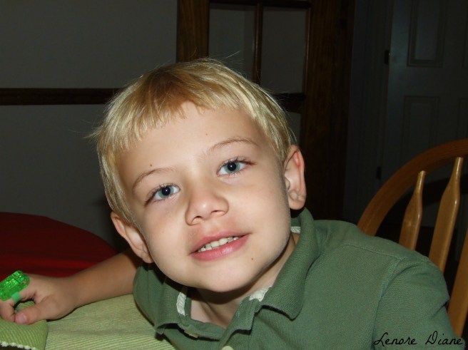 The ring is a little flashlight, Priya. He got it at school. I appreciate you taking in all the greens. It was the color green that inspired the picture. Earlier today he was in the same spot, only this time he is covered in red. I’ll share that picture soon.
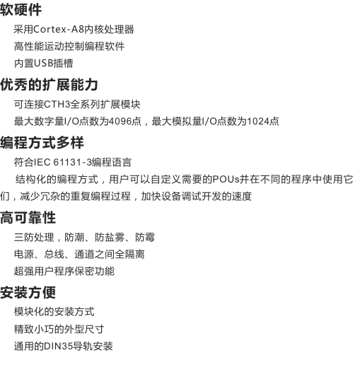 基于高速工業(yè)以太網(wǎng)EtherCAT總線的控制網(wǎng)絡(luò)、符合IEC 61131-3標準的編程方式、內(nèi)嵌強大的單軸/多軸運動控制算法以及可視化的編程軟件,這一切造就了合信新一代集邏輯、運控、視覺于一體的CTH300-C系列運動控制器。而簡易方便的安裝方式、卓越的軟硬件搭配、豐富的擴展模塊種類以及高可靠性,使得CTH300-C系列運動控制器在機器開發(fā)應(yīng)用中無往而不利。
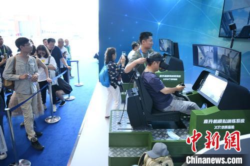 9月14日,與(yu) 會(hui) 者在展位體(ti) 驗直升機模擬訓練係統。當日,第六屆中國天津國際直升機博覽會(hui) 在天津市空港經濟區開幕。為(wei) 期四天的博覽會(hui) 吸引了來自全球20多個(ge) 國家和地區的350餘(yu) 家直升機企業(ye) 齊聚津門。 佟鬱 攝
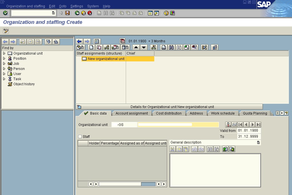 SAP Easy Access Steps:SAP Easy Access > SAP Menu > Organizational Management> Organizational Plan > Organization and staffing > PPOCE
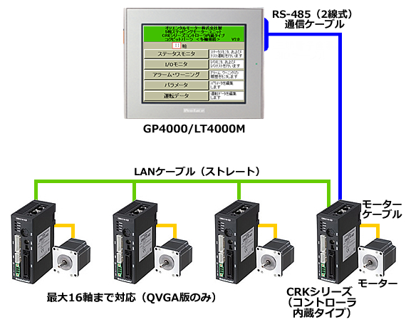 GP4000、GP3000、LT4000Mシリーズとモータードライバを接続することで、モーターの操作と状態監視ができます。
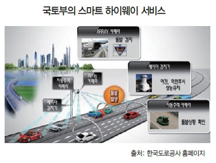 고속도로에서 돌발상황을 차량들에게 알려주는 '스마트 하이웨이(Smart Highway)' 서비스다. 국토교통부는 지난 9월부터 경부고속도로 서울요금소∼수원나들목 11km 구간에서 이 서비스를 시범 실시하고 있으며, 오는 2017년부터 단계적으로 상용화할 예정이다.

--

→ Task to carry out
Return nothing except the lines from the line with "9月14日,與(yu) 會(hui) 者在展位體(ti)" through the last line of the records above, copied exactly and without pictures.

→ Your solution
 9月14日,與(yu) 會(hui) 者在展位體(ti) 驗直升機模擬訓練係統。當日,第六屆中國天津國際直升機博覽會(hui) 在天津市空港經濟區開幕。為(wei) 期四天的博覽會(hui) 吸引了來自全球20多個(ge) 國家和地區的350餘(yu) 家直升機企業(ye) 齊聚津門。 佟鬱 攝
 SAP Easy Access Steps:SAP Easy Access > SAP Menu > Organizational Management> Organizational Plan > Organization and staffing > PPOCE
 GP4000、GP3000、LT4000Mシリーズとモータードライバを接続することで、モーターの操作と状態監視ができます。
 고속도로에서 돌발상황을 차량들에게 알려주는 '스마트 하이웨이(Smart Highway)' 서비스다. 국토교통부는 지난 9월부터 경부고속도로 서울요금소∼수원나들목 11km 구간에서 이 서비스를 시범 실시하고 있으며, 오는 2017년부터 단계적으로 상용화할 예정이다.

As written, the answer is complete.